USCDataScience / sparkler

Spark-Crawler: Apache Nutch-like crawler that runs on Apache Spark.
http://irds.usc.edu/sparkler/
Apache License 2.0
410 stars 143 forks source link

Sparkler-93: YAML backed config with Schema validation #110

Closed thammegowda closed 4 years ago

thammegowda commented 7 years ago

What changes were proposed in this pull request?

This PR replaces current JSON based config system with pure YAML based config system that supports type checking and schema validation.

Taking changes from #109, integrated it with Sparkler system, completely replaced the older config with newer one.

Reorganized code, for instance config package is added and it is exposed to plugins

Is this related to an already existing issue on sparkler?
Related to #93 and #109

Will it close an existing issue?
Closes #93 Closes #109

How was this patch tested?

A few new tests are added by @SHASHANK-PRO-05 in #109 The existing test are kept intact All tests passed for mvn clean test

thammegowda commented 7 years ago

@SHASHANK-PRO-05 @karanjeets Give this a try and review the changes...
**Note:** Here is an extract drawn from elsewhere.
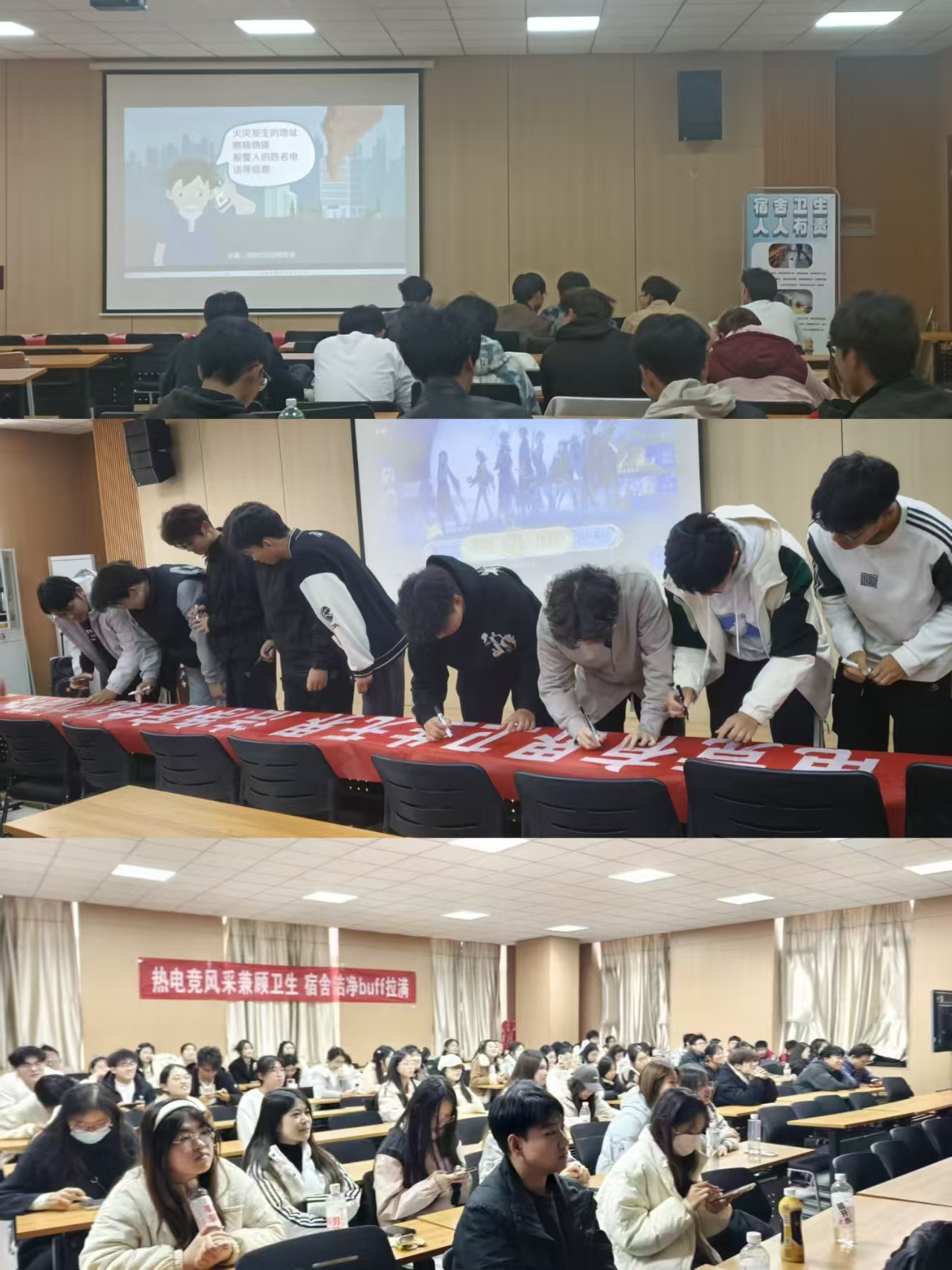 赛道一为线上宿舍安全标语设计大赛。同学们以宿舍安全、内务整洁为主题,融入游戏元素,踊跃创作,设计出诸如“防御塔坚不可摧,宿舍安全不容懈怠”等作品,进一步加深了同学们对宿舍安全规章制度的认知。赛道二为线下电竞比拼大赛。赛前每支参赛战队需完成常态化宿舍卫生打卡,只有卫生安全达标的宿舍,队伍才能获得参赛资格,有效督促了同学们共同打理宿舍家园。比赛现场,参赛选手默契协作,沉着应战每一轮对决,以全力以赴的劲头彰显青春担当。此外,赛场休息时段循环播放宿舍安全卫生宣传短片,向在场同学普及安全用电、消防常识及卫生整理技巧,让大家在感受竞技热忱的同时,潜移默化掌握安全卫生知识。

sk-s-hub commented 7 years ago

@thammegowda I am getting a java.lang.LinkageError: loader constraint violation: loader (instance of org/apache/felix/framework/BundleWiringImpl$BundleClassLoaderJava5) previously initiated loading for a different type with name "edu/usc/irds/sparkler/config/SparklerConfig" at java.lang.ClassLoader.defineClass1(Native Method) at java.lang.ClassLoader.defineClass(ClassLoader.java:763) at org.apache.felix.framework.BundleWiringImpl$BundleClassLoader.defineClass(BundleWiringImpl.java:2370) at org.apache.felix.framework.BundleWiringImpl$BundleClassLoader.findClass(BundleWiringImpl.java:2154) at org.apache.felix.framework.BundleWiringImpl.findClassOrResourceByDelegation(BundleWiringImpl.java:1542) at org.apache.felix.framework.BundleWiringImpl.access$400(BundleWiringImpl.java:79) at org.apache.felix.framework.BundleWiringImpl$BundleClassLoader.loadClass(BundleWiringImpl.java:2018) at java.lang.ClassLoader.loadClass(ClassLoader.java:357) at edu.usc.irds.sparkler.util.FetcherDefault.init(FetcherDefault.java:....... probably SparklerConfig is loaded twice from classLoader

Steps to reproduce

thammegowda commented 7 years ago

@SHASHANK-PRO-05 Not sure. Investigating

chrismattmann commented 4 years ago

closing since it's been years and this is way out of date